Many speculated that John Edwards's estate, with the cash and paintings he had been bequeathed, would go to his long-time boyfriend Philip Mordue, a fellow East Ender. But the paucity of the estate suggests he sold off or gave away many of the paintings, and used the proceeds to fund a lavish Bangkok lifestyle.

But some of the cash remains for going out in style. He willed £50,000 should be spent on a funeral party for his family and friends at the exclusive Harrington Club in Chelsea, London. For Mr Edwards, such a send-off will be a fitting end to a life which began anonymously but soon encompassed worldwide fame through his contact with Bacon.

The painter's reputation continues to grow after his death, with his paintings selling for millions. In January, the Tate gallery announced it had been given 1,200 items that were no more or less than the sweepings from his studio floor.

Yet art world rumour says that after Bacon's death the Tate turned down Mr Edwards's offer to donate it the studio itself. Thus it is now on show - painstakingly recreated - in Dublin at the Hugh Lane Gallery.

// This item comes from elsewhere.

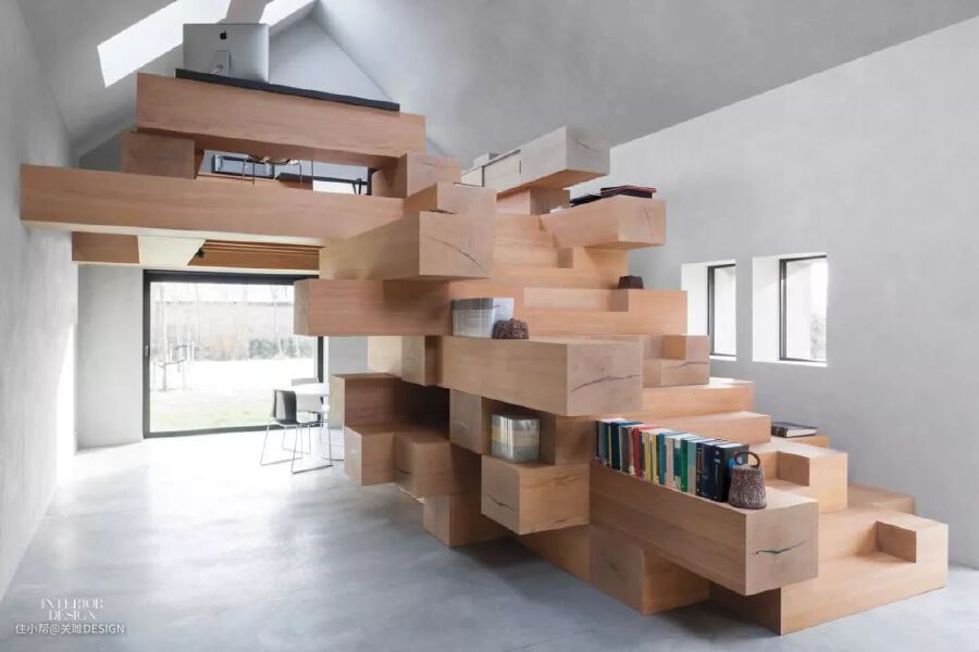 层次感十足的外观设计,给人强大的视觉冲击力,巨大的木条将楼梯分隔的像积木一样,木条之间是存放书籍的完美所在。

Mr Edwards, the dyslexic son of an East End docker, used to visit Bacon's south Kensington mews house - which also housed his ramshackle studio - every morning. He was the only person ever allowed into Bacon's studio while he worked, and was Bacon's confidant and muse. Mr Edwards featured in 30 of Bacon's paintings and was his closest companion for 18 years. Yet although both men were gay, Mr Edwards always denied they were lovers.

After Bacon's death, Mr Edwards moved to Thailand with his boyfriend Philip Mordue (nicknamed Phil the Till), ostensibly to escape the attentions of the press. But there may have been other pressures: Mr Mordue, now 54, was reportedly shot in a bar in Pattaya in 1997, and spent four days in hospital from a bullet wound in the neck.

Friends described Edwards as "a typical East End diamond geezer".